Flavius Eutropius (–387) was a Roman official and historian. His book Breviarium Historiae Romanae summarizes events from the founding of Rome in the 8th century BC down to the author's lifetime. Appreciated by later generations for its clear presentation and writing style, the Breviarium can be used as a supplement to more comprehensive Roman historical texts that have survived in fragmentary condition.

==Life==
The exact background and birthplace of Eutropius is disputed. Some scholars claim he was born in Burdigala (Bordeaux) and was a man of medicine. Others, most notably Harold W. Bird, have dismissed these claims as being highly unlikely. Eutropius has been referred to as Italian in other sources and supposedly held estates in Asia. Aside from that, his name was Greek, making it unlikely he came from Gaul. Confusion about this has arisen because Eutropius was a popular name in late antiquity. Some believed him to have had Christian sympathies because in some manuscripts of his work he refers to Emperor Julian as an "excessive" persecutor of Christians, but this seems very unlikely. He was almost certainly a pagan and remained one under the emperor Julian's Christian successors.

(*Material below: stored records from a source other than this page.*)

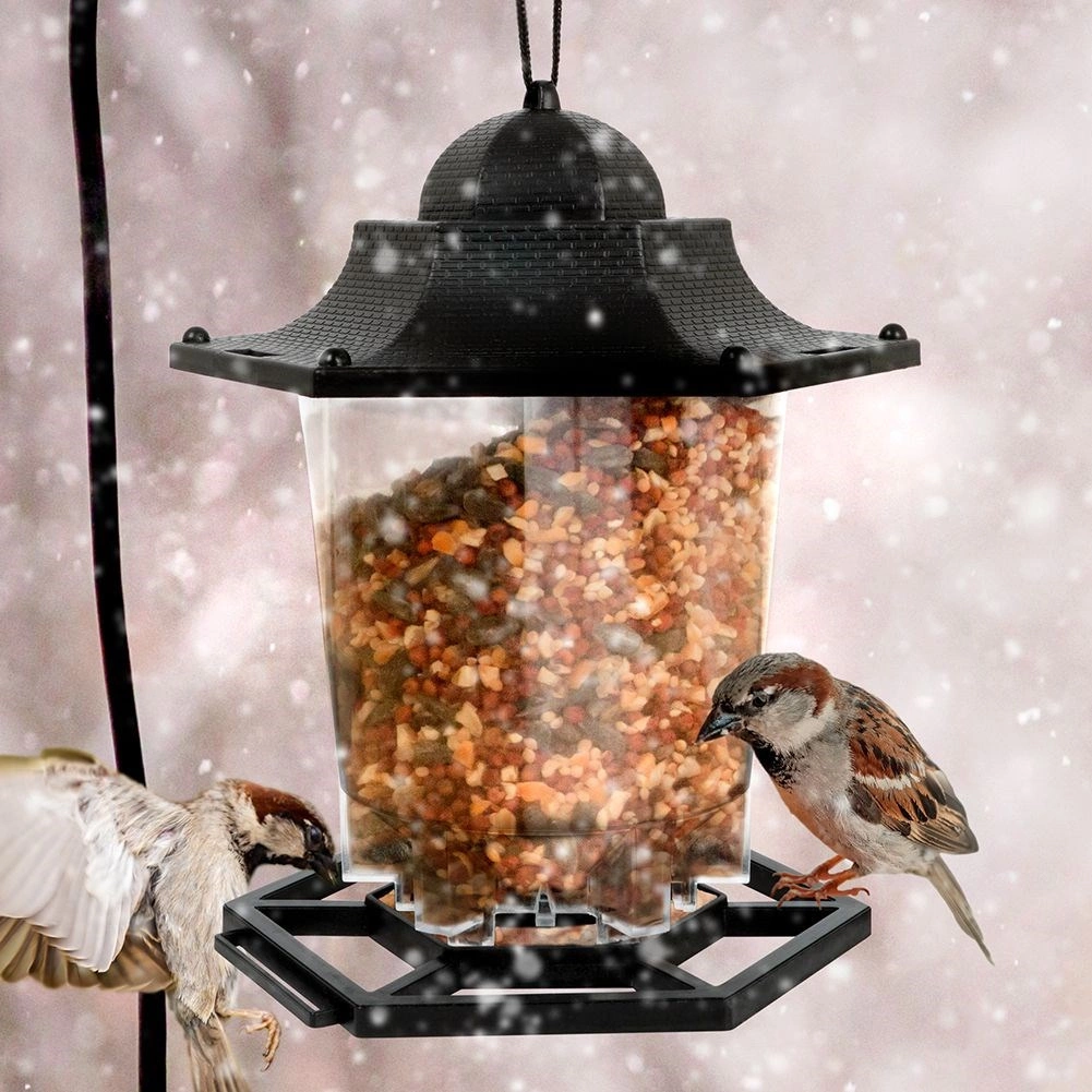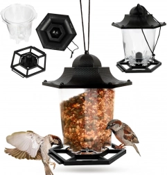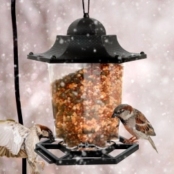 Transparentny korpus karmnika pozwala od razu sprawdzić, kiedy pora dosypać ziarno. Koniec z zgadywaniem – zawsze wiesz, ile karmy pozostało.
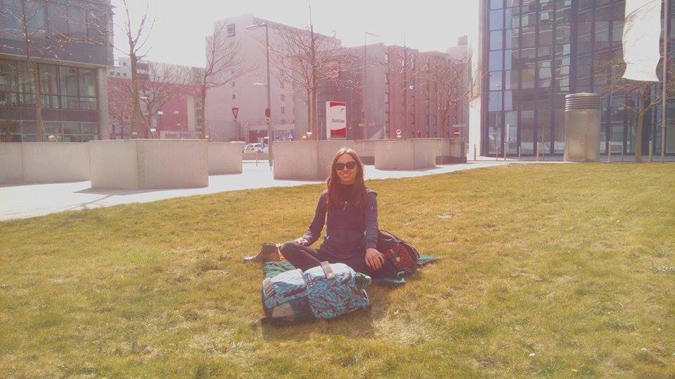 Warten in Wien – kurz bevor wir von der Wiese verjagt werden. Innerhalb von 15 Minuten haben sich 10 Schreibtischtiere beschwert, weil wir mir unserem Hippiegetue die Landschaft stören würden.
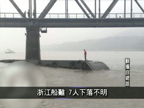 浙江海寧「錢塘觀潮」是每年中秋節慶盛事,週五凌晨的錢塘江上卻發生撞船事件,1艘砂石運輸船在航行中失控撞上嘉紹跨江大橋1座施工平臺而沉沒,船上9人落水,目前仍有7人生死未卜。
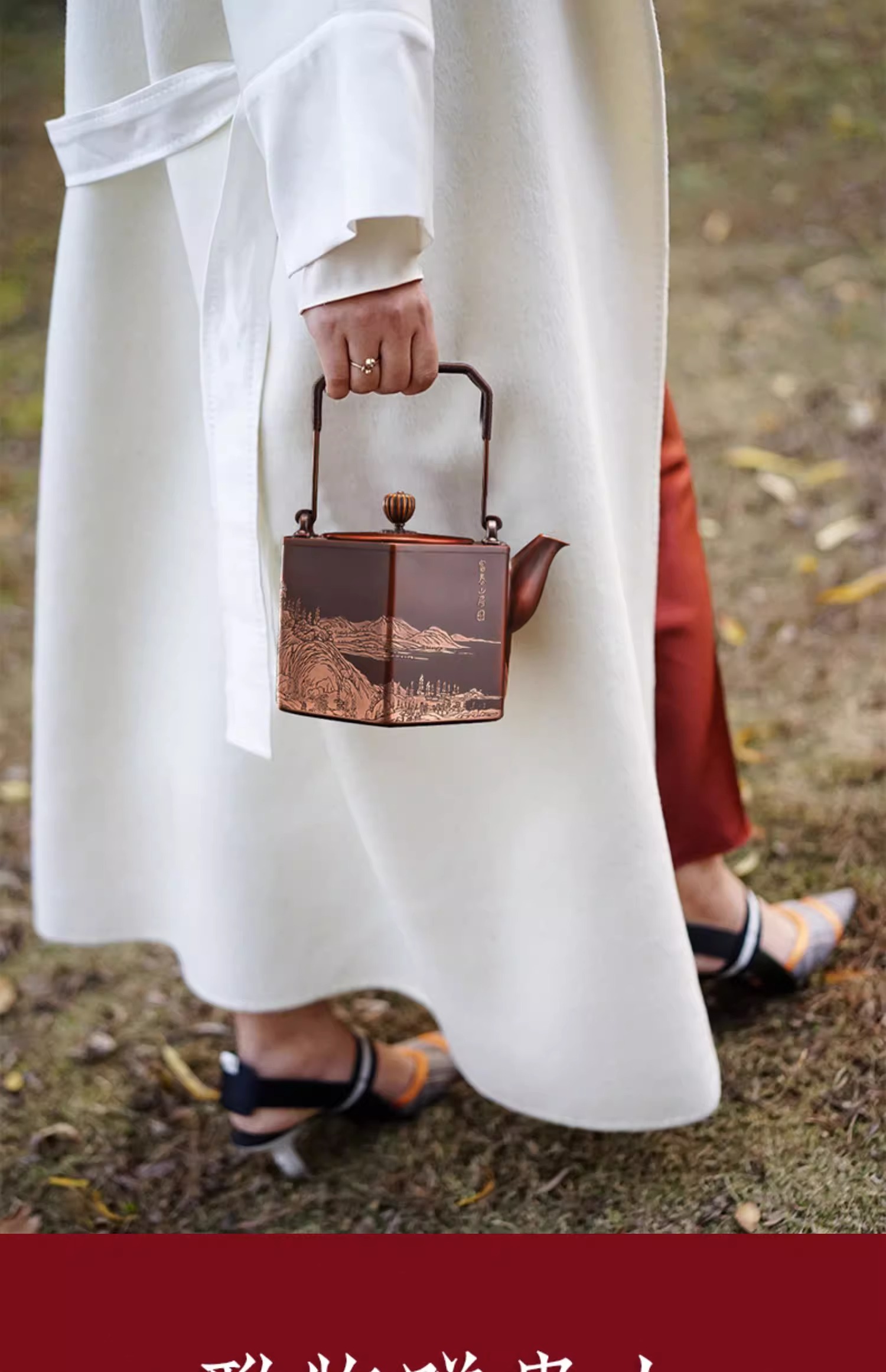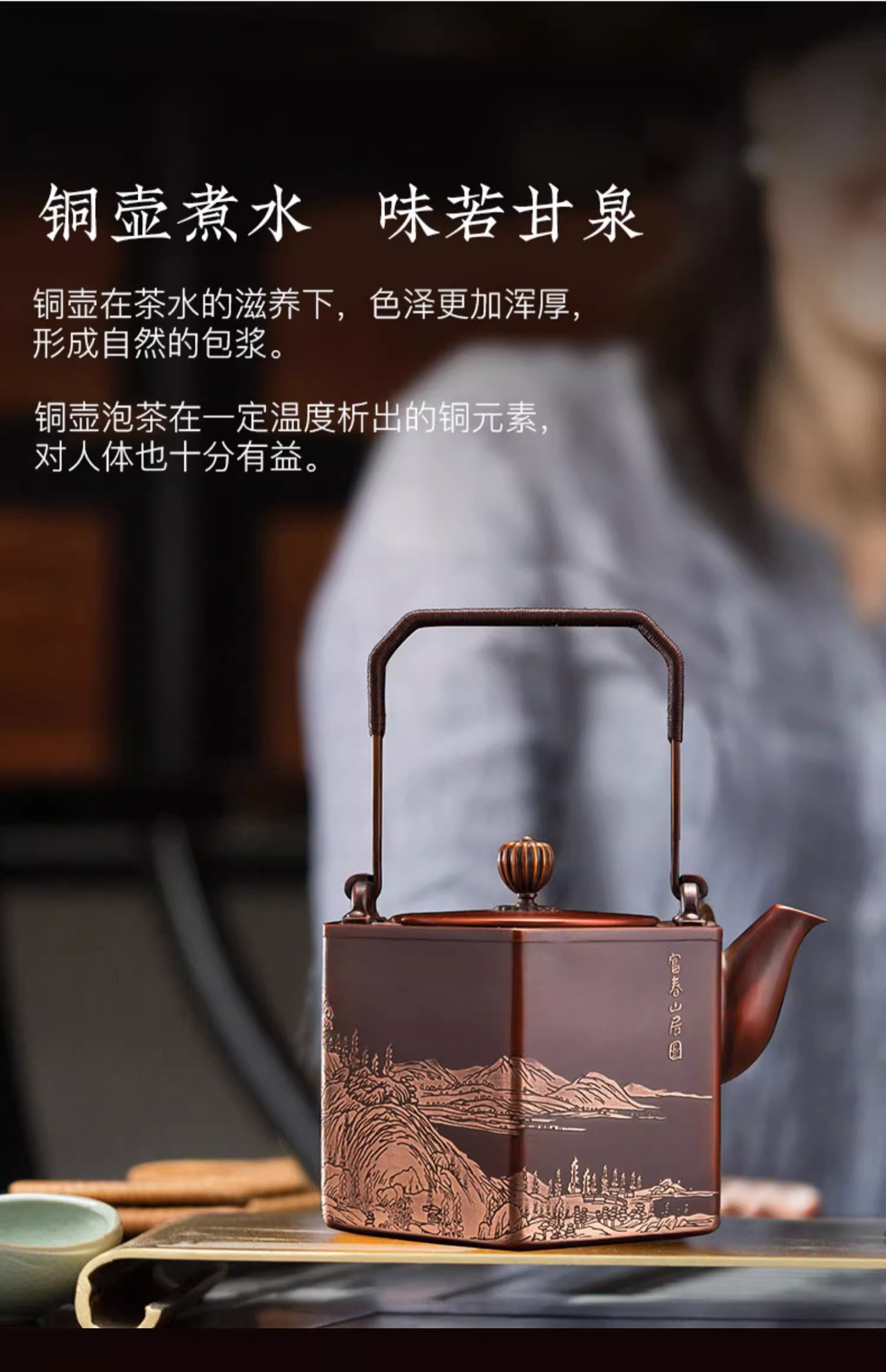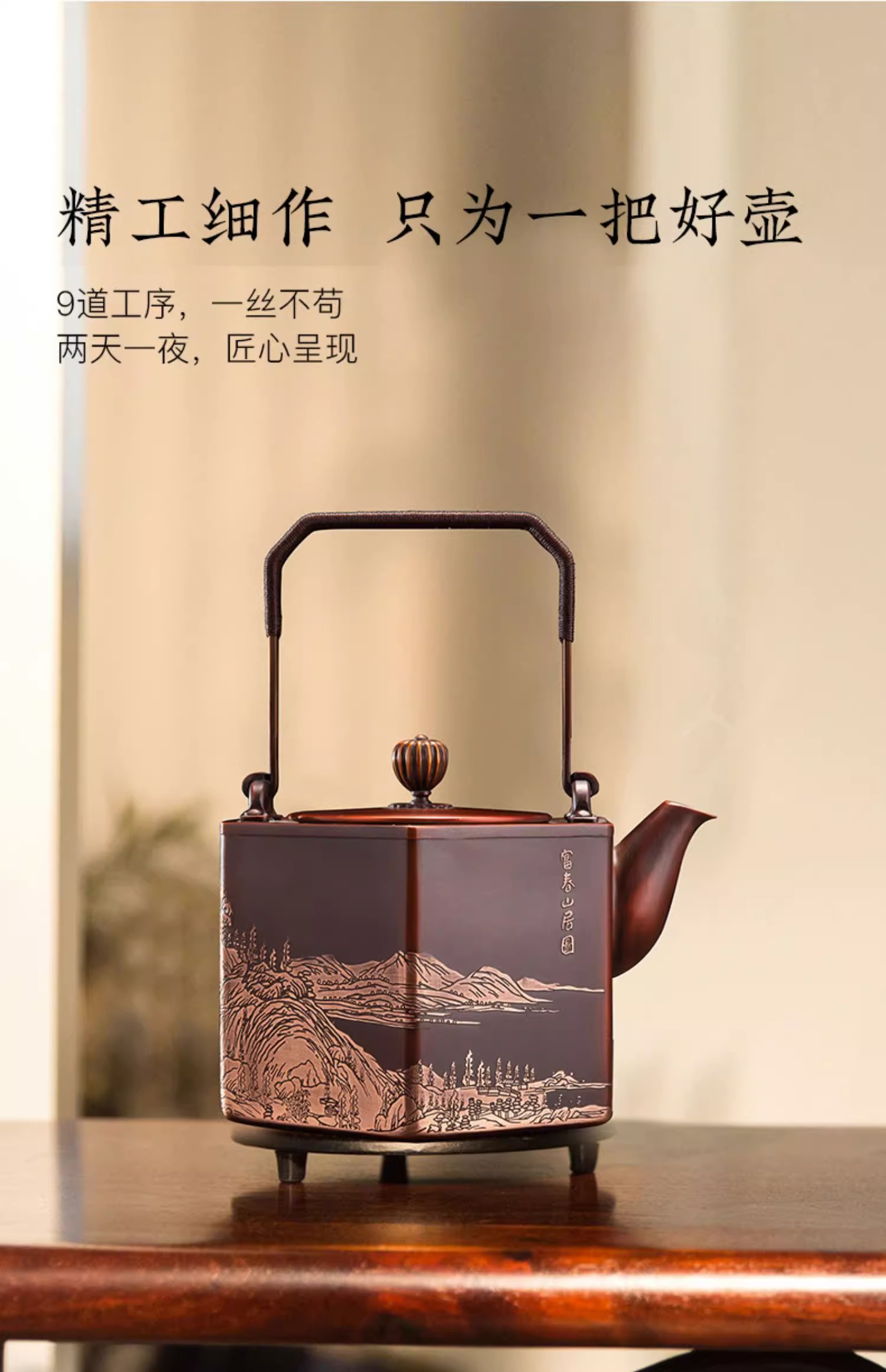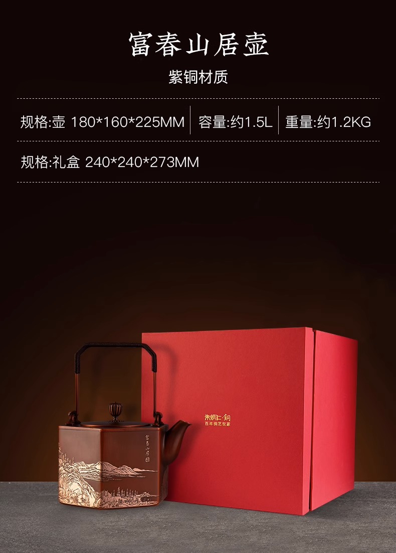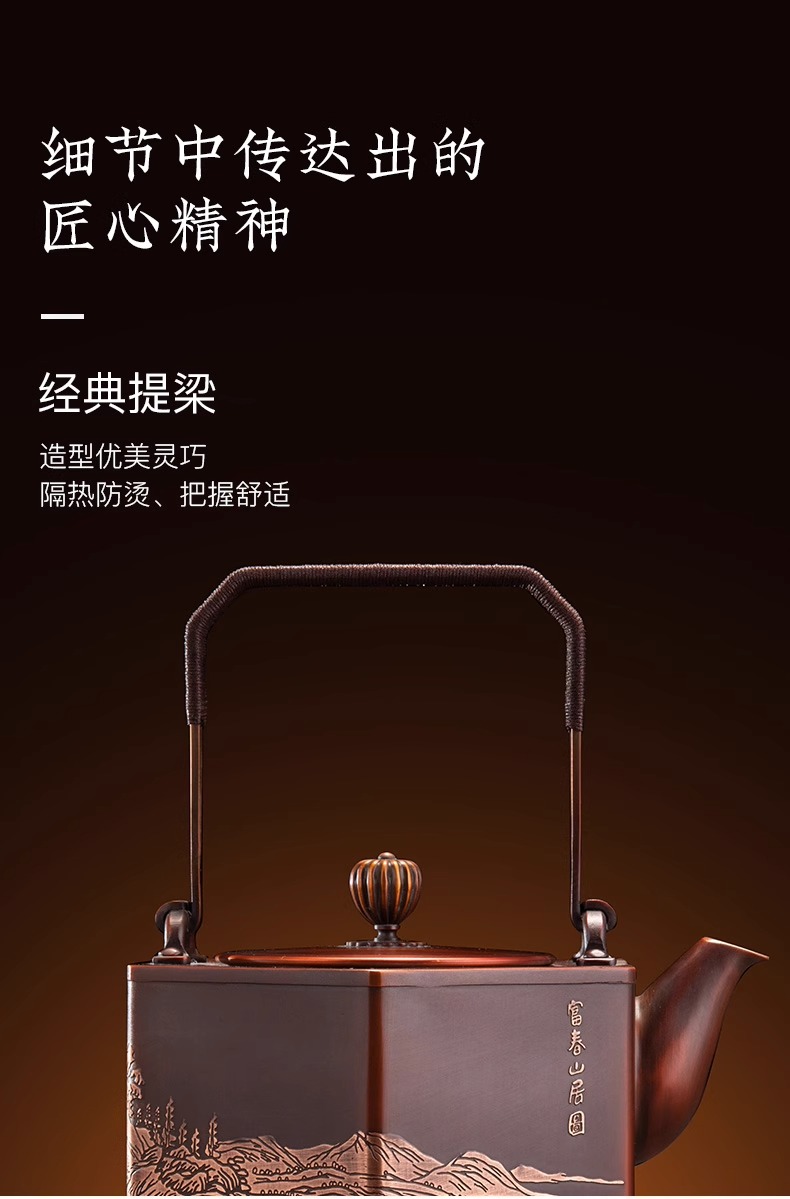 朱炳仁铜 富春山居壶 铜壶新中式复古煮茶壶家用大号烧水壶

He served as the imperial secretary (magister memoriae) in Constantinople. He accompanied Julian (r. 361–363) on his expedition against the Sassanids in 363. He survived at least as late as the reign of the emperor Valens (364–378), to whom he dedicated his Summary of Roman History. Eutropius may have been the same Eutropius that was proconsul, or Governor of Asia from 371 to 372. He may have also been the Praetorian Prefect of the Illyrian Provinces from 380 to 381, as well as possibly being a consul in 387.

==Breviarium Historiae Romanae==
Eutropius's Summary of Roman History (Breviarium Historiae Romanae) or Summary from the Founding of Rome (Breviarium ab Urbe Condita) is a ten-chapter compendium of Roman history from its foundation to the short reign of Jovian. It was compiled with considerable care from the best accessible authorities. It was written in a clear and simple style, and it treats its subjects with general impartiality. The message of the book is simple, that Romans always overcome their problems. This theme became especially important after the Battle of Adrianople.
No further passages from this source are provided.